Is religion getting too mixed up in US politics? Israeli-born filmmaker Ilan Ziv is concerned that it is, so he takes a 4000-mile roadtrip through 17 states to find out why religion has had such a powerful influence on the 2008 presidential election process.
Instead of following the candidates, Ziv follows the religious activists who support them, starting in freezing Iowa on January 1st and finishing in Oklahoma just over a month later. Ziv's film is an entertaining, informative, often zany and sometimes frightening look at the 2008 campaign trail as well as an engaging history lesson. The context is provided via interviews with theological historian Randall Balmer and Moral Majority co-founder Paul Weyrich, plus archive footage.
Ziv's involvement in the 2008 American election campaign began in the Sinai desert 35 years ago. As a soldier in the 1973 Yom Kippur war, he resolved to escape from the obsessive mixing of bible and politics as Israel lurched from one territorial holy war to the next. The USA became his 'safe haven' in 1974, a nation founded on the separation of church and state, a principle enshrined in the American constitution.
However, after 9/11 he felt everything he fled from was closing in on him again. Finding the growing mix between faith and politics both mystifying and troubling, Ziv takes to the road to untangle it for himself.

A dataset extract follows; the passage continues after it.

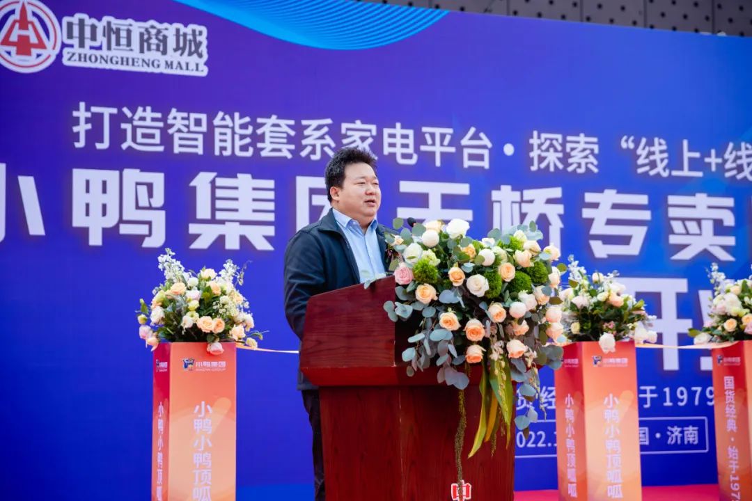 山東省家用電器行業協會會長田占軍致辭,他表示,當前家電行業進入了第四個階段,即產品、質量、品牌和服務的新賽道,小鴨也呈現了嶄新的面貌。小鴨與中恒的強強聯合,定能結出豐碩的果實,在繼續探索家電商品線上加線下的互動服務和營銷方面取得更加長足的進步。
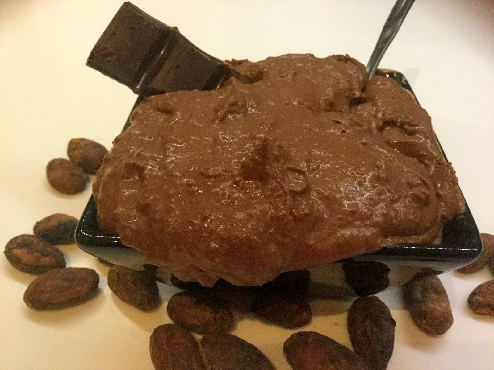 Sulata kaakaovoi vesi hauteessa. Valuta ja huuhtele pavut. Sekoita kaikki ainekset tasaiseksi massaksi tehosekoittimella tai sauvasekoittimella. Koita saada tahnasta täysin sileää ja paakutonta. Maista onko maku sinulle sopiva, ja lisää makeutusta tarvittaessa. Erytritoli on siitä kiva makeuttaja, että sitä voi huoletta lisätä, koska se ei sisällä lainkaan kaloreita. Se ei myöskään aiheita vatsaoireita, kuten makeutusaineet yleensä.

Ziv's film asks some big questions. To him, the war on terror and the 2008 elections are two sides of the same coin. Is God on the side of US troops? Which candidate's side is God on?
'I believe God has anointed Senator Obama for such a time as this,' enthuses the Reverend Helen Seemster of Waterloo, Iowa. Revd Seemster has transformed her Baptist church into a voter registration centre and is spending every hour telephoning potential voters.

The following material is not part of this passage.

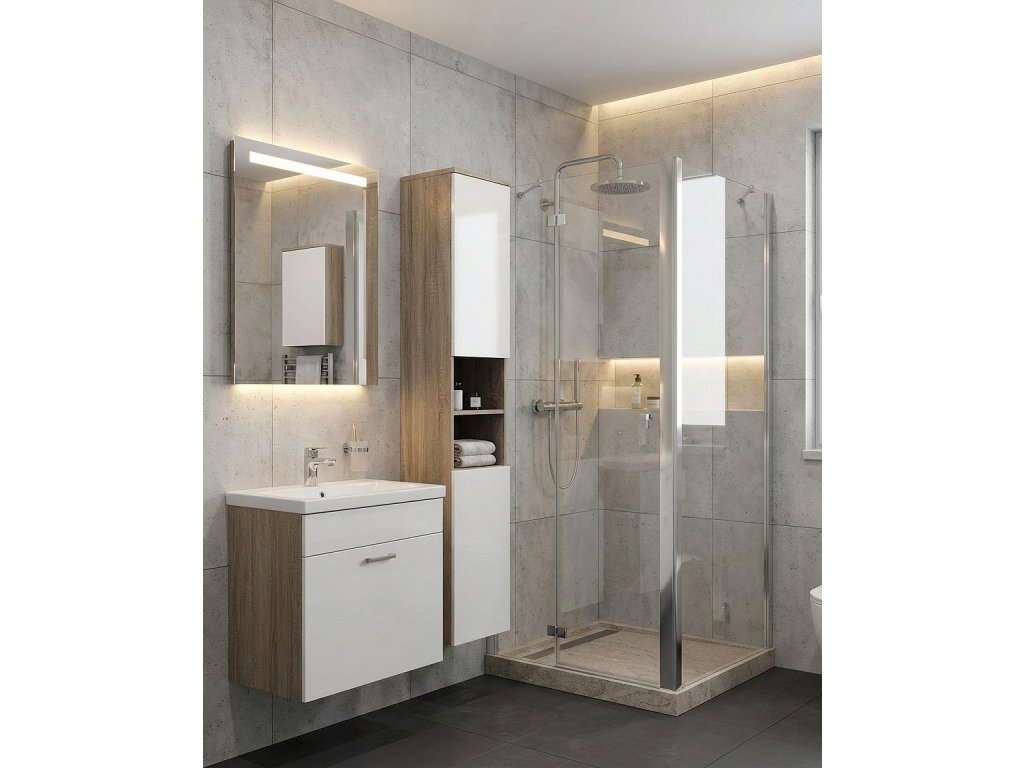 Tato koupelnová skříňka se zrcadlem spojuje praktičnost a užitečnost. Zrcadlo vám poslouží k úpravě zevnějšku a skříňka například k uložení věcí denních potřeb. Tato skříňka by neměla chybět nad žádným umyvadlem. Vysoký lesk na dvířkách dodá koupelně ten správný moderní vzhled.

In the other camp, over in New Hampshire, McCain volunteer Maureen Mooney confesses to having always been interested in politics. When she was five years old, she says, she asked for a picture of Ronald Reagan on her birthday cake.
Senator McCain, notes Ziv, is the least overtly religious candidate. What will he need to do to win the conservative Christian vote? Mooney is going to the same extraordinary lengths on his behalf as Revd Seemster for her respective senator - and McCain is also her hero, Mooney admits.

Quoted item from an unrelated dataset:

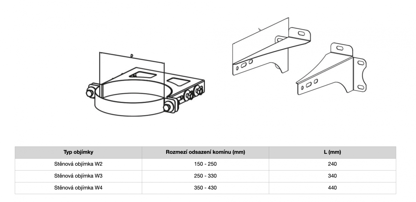 Slouží k uchycení komínového tělesa ke stěně budovy ve vzdálenosti 150 mm až 250 mm od pláště komínu, objímka je v tomto rozmezí stavitelná. Doporučujeme instalovat max. 2m od sebe. Skutečný průměr objímky odpovídá reálně 230 mm.

Ziv's angle is religion, but there is more to his film. It provides a unique insight into modern America, which also serves as a warning. As Obama appears to revel in comparisons to Martin Luther King, even speaking at the Brown Chapel A.M.E. Church, Alabama, the start point for King's Selma to Montgomery marches at the height of the civil rights movement, it is hard not to think about what happened to King.
If Obama wins, we have to hope that in the 40 years since King's assassination America has changed.